Evidence used against a person accused of a crime should be admissible. Admissible evidence is any evidence that is relevant -- such as evidence that is able to verify facts regarding the accusation. However, relevant evidence may be considered inadmissible in some cases. According to Federal Rules of Evidence, the court can exclude evidence that is prejudiced, confusing or misleading to the jury, or a waste of time. (see reference 2)
Evidence of Character
A person's character may not used as evidence except in two instances. One case is when the present accusation has very specific or unusual elements related to a previous conviction. The second case is when the defence shows that the defendant could not have done the crime based on character. The defending party is therefore telling the jury that character is relevant to the verdict. The prosecution can then make use of character to rebut the defence's portrayal of the accused.
Burden of Proof
According to U.S. Supreme Court Decision 397 U.S. 358 (In re Winship) proof of a criminal charge beyond a reasonable doubt is constitutionally required. This means that burden of proof in a criminal case rests on prosecutors. The stakes are very high in criminal cases, as a defendant risks incarceration and loss of civil liberties. Therefore, prosecutors are under high pressure to prove their version of the facts to be beyond reasonable doubt.
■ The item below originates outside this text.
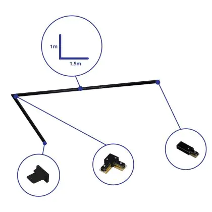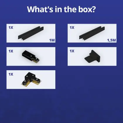Rail Set 1-Fase L 1 x 1,5 Metro Nero | incl. Tappo Di Chiusura, Connettore di Alimentazione e L -Connettore
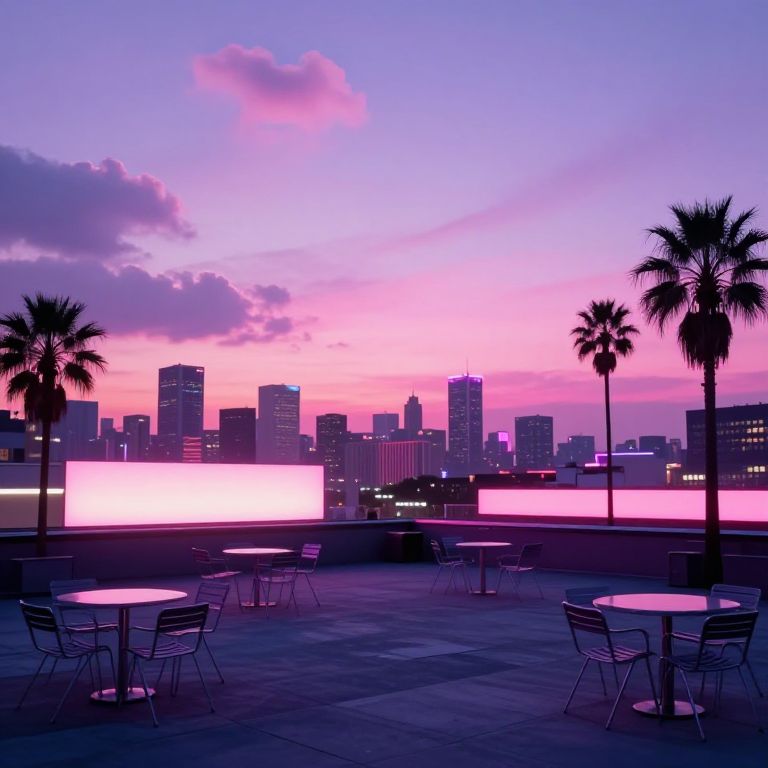 Liminal space vaporwave rooftop at dusk, pastel colored clouds blending with neon city skyline, scattered empty chairs and tables, large glowing horizons, palm trees silhouetted against pink and purple skies, nostalgic 80s synthwave vibe with surreal, dreamlike emptiness.

Any evidence presented by prosecutors should demonstrate that the defendant committed the crime and that the defendant had a criminal intention when he did.
The Subjectivity of Evidence "Beyond Reasonable Doubt"
What constitutes proof "beyond reasonable doubt" is subjective. James Q. Whitman states that jurors do not understand it clearly. What constitutes legal doubt is not exactly defined, and leads to difficulty in passing judgment. This is because, according to Whitman, proof "beyond reasonable doubt" was understood differently when it was first used. In earlier times, jurors were afraid of damnation secondary to passing judgment. Proof beyond reasonable doubt was understood as a guarantee that jurors can pass judgment without losing salvation. The concept was therefore designed to make pronouncing a verdict easier. Fast forward to contemporary times, the concept has new meaning; it is now understood as evidence that definitely proves an accusation. However, no person can accurately quantify "reasonable doubt" -- hence the degree of subjectivity that still exists in courts today.